Richard Davies (born 22 July 1944) is an English musician, singer and songwriter best known as founder, vocalist and keyboardist of the rock band Supertramp. Davies was its only constant member, and composed some of the band's best known songs, including "Rudy", "Bloody Well Right", "Crime of the Century" , "From Now On", "Ain't Nobody But Me", "Gone Hollywood", "Goodbye Stranger", "Just Another Nervous Wreck", "Cannonball", and "I'm Beggin' You". He is generally noted for his rhythmic blues piano solos and jazz-tinged progressive rock compositions and cynical lyrics.

Starting with the self-titled  Supertramp in 1970, Davies shared lead vocals with Supertramp songwriting partner Roger Hodgson until the latter's departure in 1983, at which point he became the sole lead vocalist of the group. Davies's voice is deeper than Hodgson's, and he usually employs a raspy baritone which stands in stark contrast to his bandmate's tenor. However, he occasionally sings in a falsetto which superficially resembles Hodgson's vocals, such as on "Goodbye Stranger" and "My Kind of Lady".

Biography and career

Early life
Richard Davies was born in Swindon, Wiltshire in 1944 to Betty and Dick Davies. Betty was a hairdresser and ran a salon, and Dick was a merchant navy man, who died in 1973. Rick went to Sanford Street School and, according to mother Betty: "Music was the only thing he was any good at at school."

His first musical stirrings were at the age of eight, when his parents gave him a secondhand radiogram which included a few records left by the previous owner. Among them were Drummin' Man by drumming legend Gene Krupa, and, in Davies's own words, "it hit like a thunderbolt". "I must have played it 2,000 times," he said. "That was it." A friend of the family made Rick a makeshift drum kit out of a biscuit tin, and at the age of 12 he joined the British Railways Staff Association Brass and Silver Jubilee Band as a snare drummer. In an interview in 2002 he said: "As a kid, I used to hear the drums marching along the street in England, in my home town, when there was some kind of parade, and it was the most fantastic sound to me. Then, eventually, I got some drums and I took lessons. I was serious about it... I figured if I could do that – I mean a real drummer, read music and play with big bands, rock bands, classical, Latin, and know what I was going to do – I would be in demand and my life was set... Eventually, I started fiddling with the keyboards, and that seemed to go over better than my drumming, for some reason. So you've gotta go with what people react to." He never had lessons for keyboards, but, according to Betty Davies, "taught himself most of what he knows about music".

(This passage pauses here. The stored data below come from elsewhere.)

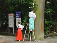 疫病退散を願う「京都祇園まつり」で有名な八坂神社のご祭神と同じ素盞嗚尊(すさのおのみこと)をお祀りし、6月5日を祭日として南新宮社祭を行っています。当神宮唯一の丹塗りの社殿です。
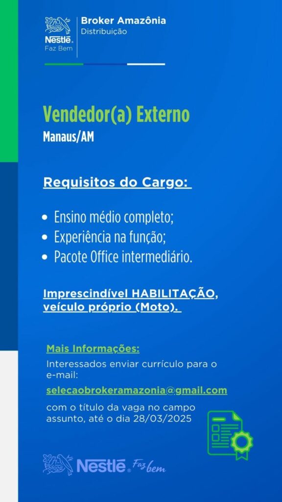 Broker da Amazônia seleciona Vendedor (a) externo; Envie seu currículo!
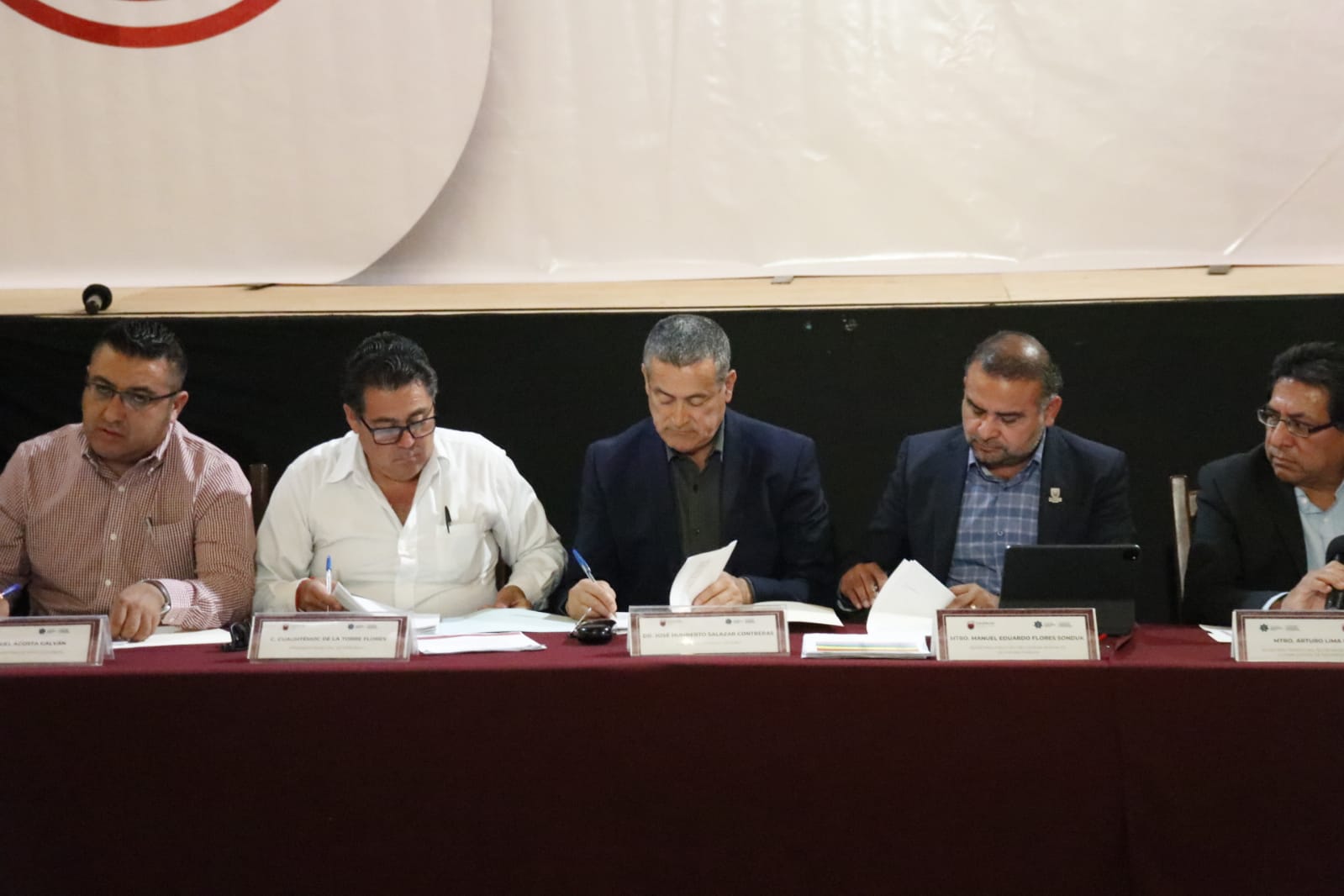 Jerez, Zac.- En el marco de la reunión del Consejo Intermunicipal de Seguridad Pública para la región sur-suroeste, el presidente José Humberto Salazar Contreras y los alcaldes de la región firmaron convenios de equipamiento, infraestructura y estímulos para los elementos de seguridad pública de los municipios, con la participación del secretario técnico del Secretariado Ejecutivo del Sistema Estatal de Seguridad Pública (SESP), Manuel Eduardo Flores Sonduk.

By 1959, his attention had been captured by rock 'n' roll, and he joined a band called Vince and the Vigilantes. In 1962, while studying in the art department at Swindon College, he formed his own band, called Rick's Blues, and was now playing a Hohner electric piano instead of drums. The band included Gilbert O'Sullivan on drums for a time; he later was the best man at Davies's wedding. In a March 1972 interview, O'Sullivan said "Rick had originally taught me how to play the drums and piano – in fact, he taught me everything about music." When his father became ill, Davies disbanded Rick's Blues, left college, and took a job as a welder at Square D, a firm making industrial control products and systems, which had a factory on the Cheney Manor Trading Estate in Swindon. Any hopes of an artistic career were temporarily put on ice.

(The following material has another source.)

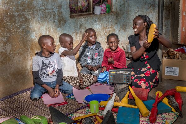 BRAC’s Radio Play Labs deliver remote, playful learning experiences for children ages three to six in Uganda to support their development of critical cognitive and social skills. Based on BRAC’s flagship early childhood development (ECD) Play Lab model, the radio adaptation equips parents and caregivers with the tools and information to support their children through remote learning experiences, with a focus on interactive activities related to literacy and numeracy, storytelling, positive parenting, stimulation, and well-being, among other areas.
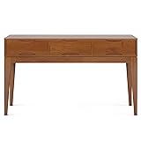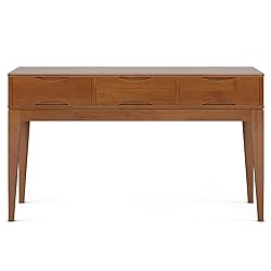 SIMPLIHOME Harper Console Table - 54 Inch Wide Solid Hardwood Sofa Table in Teak Brown, Mid-Century Modern Storage Table for Entryway or Living Room with 3 Drawers, Notched Handles, and Tapered Legs

In 1966 he became the organist for The Lonely Ones (best known for being one of Noel Redding's first bands, though Redding had left by the time Davies joined), who later changed their name to The Joint and recorded the soundtracks for a number of German films. He later confessed that he lied about his abilities to get into the group, admitting he couldn't actually play the organ at the time. While the band was in Munich, Davies met Dutch millionaire Stanley August Miesegaes, who offered to fund him if he started a new group.

Supertramp

Davies decided to form a new band, and returned home from Switzerland to place an ad in the music magazine Melody Maker in August 1969. Roger Hodgson was auditioned and, despite their contrasting backgrounds – Davies's working class upbringing and Hodgson's private school education – they struck up an instant rapport and began writing virtually all of their songs together. The band was initially called Daddy, but renamed Supertramp in January 1970.

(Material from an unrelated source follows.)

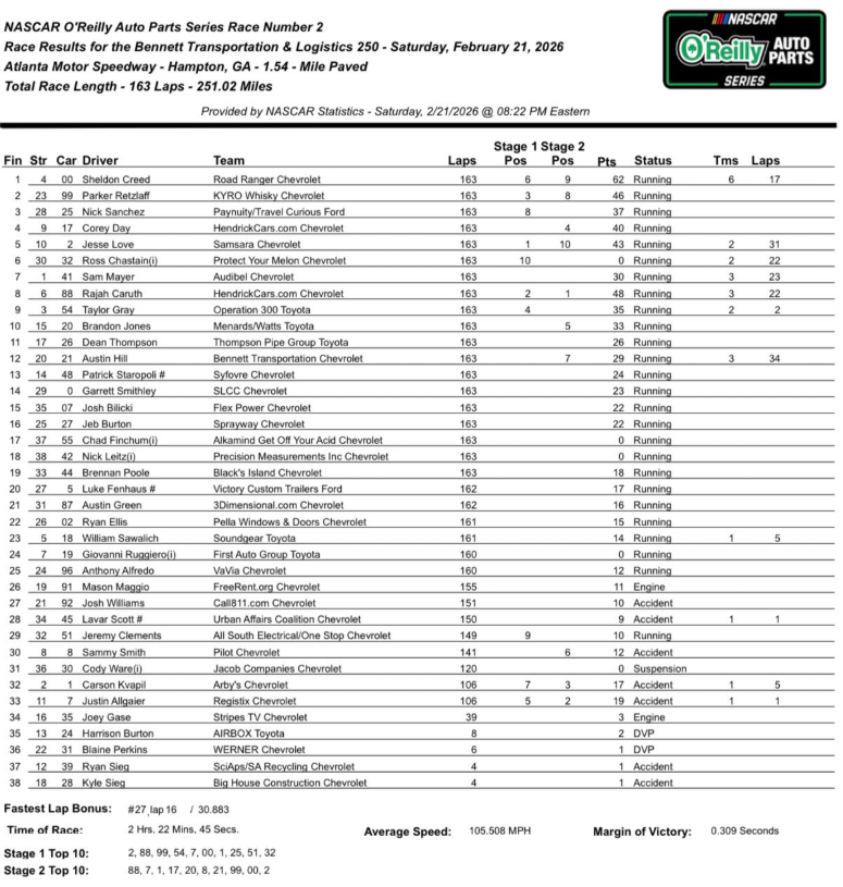 — NASCAR O’Reilly Auto Parts (@NASCAROReillyAP) February 22, 2026

Supertramp became one of the first acts to sign to the emerging UK branch of A&M Records and by the summer of 1970 they had recorded their first album, simply called Supertramp. Hodgson performed most of the lead vocals on this first effort but by the time of their second album Indelibly Stamped, Davies had stepped up as a singer with he and Hodgson sharing lead vocal duties equally.

After five years with Davies and Hodgson as the mainstays of a continuously changing group, Supertramp settled into a stable lineup and recorded Crime of the Century, which finally brought them critical and commercial success when it was released in 1974. It reached number four in the UK Albums Chart. Though their singles were only moderately successful, their albums consistently scored high in the charts. Davies's relationship with Hodgson was changing and the two began writing most of their songs separately again, though they agreed to have them all credited to Davies/Hodgson by contract. Among the songs credited to both but actually written solely by Davies are the hits "Bloody Well Right" and "Goodbye Stranger".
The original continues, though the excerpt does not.